PROBLEM STATEMENT: The material below holds the lines to copy: from the one with "Our Arabella ribbed" up to and including the one with "This is a well". Copy them exactly and skip the pictures.

LISTED RECORDS:
-=-=-=-=-

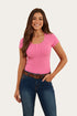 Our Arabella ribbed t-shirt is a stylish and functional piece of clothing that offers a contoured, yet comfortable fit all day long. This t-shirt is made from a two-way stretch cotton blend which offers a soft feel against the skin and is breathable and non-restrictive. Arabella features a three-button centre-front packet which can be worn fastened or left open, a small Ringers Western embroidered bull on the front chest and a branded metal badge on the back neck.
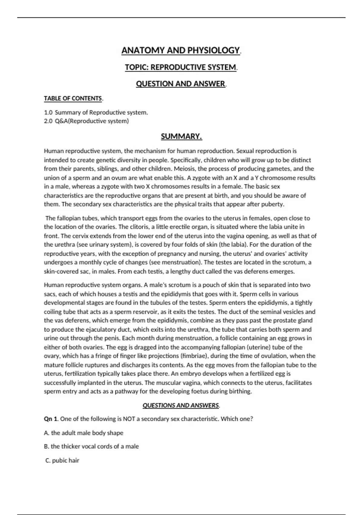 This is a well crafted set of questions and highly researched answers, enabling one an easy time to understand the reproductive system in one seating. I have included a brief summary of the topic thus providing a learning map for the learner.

-=-=-=-=-

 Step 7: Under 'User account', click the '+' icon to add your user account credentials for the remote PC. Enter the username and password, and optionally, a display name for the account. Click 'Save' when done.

-=-=-=-=-

WRITTEN REPLY:
 Our Arabella ribbed t-shirt is a stylish and functional piece of clothing that offers a contoured, yet comfortable fit all day long. This t-shirt is made from a two-way stretch cotton blend which offers a soft feel against the skin and is breathable and non-restrictive. Arabella features a three-button centre-front packet which can be worn fastened or left open, a small Ringers Western embroidered bull on the front chest and a branded metal badge on the back neck.
 This is a well crafted set of questions and highly researched answers, enabling one an easy time to understand the reproductive system in one seating. I have included a brief summary of the topic thus providing a learning map for the learner.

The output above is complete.